This is why anti-trans rhetoric is not solely a transgender issue. It is a cultural, racial justice and women’s issue.

When a public figure can stand on White House grounds and casually repeat racist and transphobic rhetoric about a former first lady, it signals how normalized this is in our culture. It tells us that questioning a woman’s identity has become acceptable entertainment.

There is nothing harmless about rhetoric that encourages strangers to investigate and challenge another person’s identity. And there is certainly nothing protective about a movement that claims to defend women while simultaneously creating an environment where women are constantly forced to prove themselves.

The lesson from this moment is not that Michelle Obama deserves better because she is Michelle Obama.

It is that all women deserve better.

We should not have to meet a particular standard of beauty, softness, race, size or presentation to be treated with dignity. We should not have to perform femininity for strangers. And we should not have to fear that our identities will be questioned simply because someone believes we do not look the way a woman is supposed to look.
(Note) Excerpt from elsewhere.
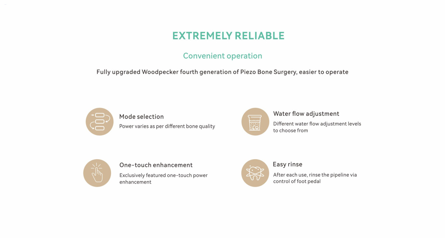 Dual Irrigation for Optimal Visibility: Maintain a clear field during apicoectomy with switchable internal and external irrigation. Effective cooling prevents thermal necrosis of bone and ensures you always have a clear view of the surgical site.

The answer is not deciding who counts as a woman.

It is recognizing the humanity of all women and rejecting the systems that encourage us to treat their identities as public property.

Because the moment we grant people permission to decide who is “really” a woman, we create a world where every woman is subject to judgment — and none of us are truly safe from it.


Tymia “Ty” Ballard is a storyteller, organizer, creative and catalyst for cultural change. She is a junior associate of community and media at GLAAD, and a digital organizer at the Yellowhammer Fund. Her work amplifies LGBTQ+ communities, reproductive justice, HIV advocacy and other issues impacting marginalized communities. Follow her on Instagram @tymia.db.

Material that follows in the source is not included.